TASK REQUIREMENTS. Copy out, exactly as given, every line from the line with "Gucci GG Marmont" to the end of the listing, both of those lines included.

STORED DATA.

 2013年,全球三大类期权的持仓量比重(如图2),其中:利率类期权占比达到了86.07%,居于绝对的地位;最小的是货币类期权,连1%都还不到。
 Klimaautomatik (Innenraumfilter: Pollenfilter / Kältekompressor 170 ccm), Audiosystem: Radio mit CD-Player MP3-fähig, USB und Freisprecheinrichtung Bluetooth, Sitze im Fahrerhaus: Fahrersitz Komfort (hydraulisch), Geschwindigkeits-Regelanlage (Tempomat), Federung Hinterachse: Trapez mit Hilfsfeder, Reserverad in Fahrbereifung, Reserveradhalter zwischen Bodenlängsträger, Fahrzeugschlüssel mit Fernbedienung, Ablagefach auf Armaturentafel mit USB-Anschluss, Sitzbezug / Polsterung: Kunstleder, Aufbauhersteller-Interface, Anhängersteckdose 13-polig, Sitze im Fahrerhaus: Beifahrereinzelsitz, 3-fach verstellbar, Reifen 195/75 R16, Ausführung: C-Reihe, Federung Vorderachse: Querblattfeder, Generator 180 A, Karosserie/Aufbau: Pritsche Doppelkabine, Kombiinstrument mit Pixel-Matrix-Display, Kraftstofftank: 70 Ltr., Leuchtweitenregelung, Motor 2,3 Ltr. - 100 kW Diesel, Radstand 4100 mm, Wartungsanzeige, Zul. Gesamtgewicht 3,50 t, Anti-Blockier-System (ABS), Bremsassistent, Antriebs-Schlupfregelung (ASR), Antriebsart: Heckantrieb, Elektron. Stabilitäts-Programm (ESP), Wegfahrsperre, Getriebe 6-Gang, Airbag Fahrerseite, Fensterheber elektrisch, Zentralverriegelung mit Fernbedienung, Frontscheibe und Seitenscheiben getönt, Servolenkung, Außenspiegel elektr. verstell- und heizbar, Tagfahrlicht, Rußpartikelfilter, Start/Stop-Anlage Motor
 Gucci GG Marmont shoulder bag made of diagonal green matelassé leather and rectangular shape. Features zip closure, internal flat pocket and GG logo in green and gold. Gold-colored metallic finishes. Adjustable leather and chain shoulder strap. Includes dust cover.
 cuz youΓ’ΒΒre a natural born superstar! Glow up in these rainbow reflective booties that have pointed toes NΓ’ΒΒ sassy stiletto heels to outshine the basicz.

ANSWER.
 Gucci GG Marmont shoulder bag made of diagonal green matelassé leather and rectangular shape. Features zip closure, internal flat pocket and GG logo in green and gold. Gold-colored metallic finishes. Adjustable leather and chain shoulder strap. Includes dust cover.
 cuz youΓ’ΒΒre a natural born superstar! Glow up in these rainbow reflective booties that have pointed toes NΓ’ΒΒ sassy stiletto heels to outshine the basicz.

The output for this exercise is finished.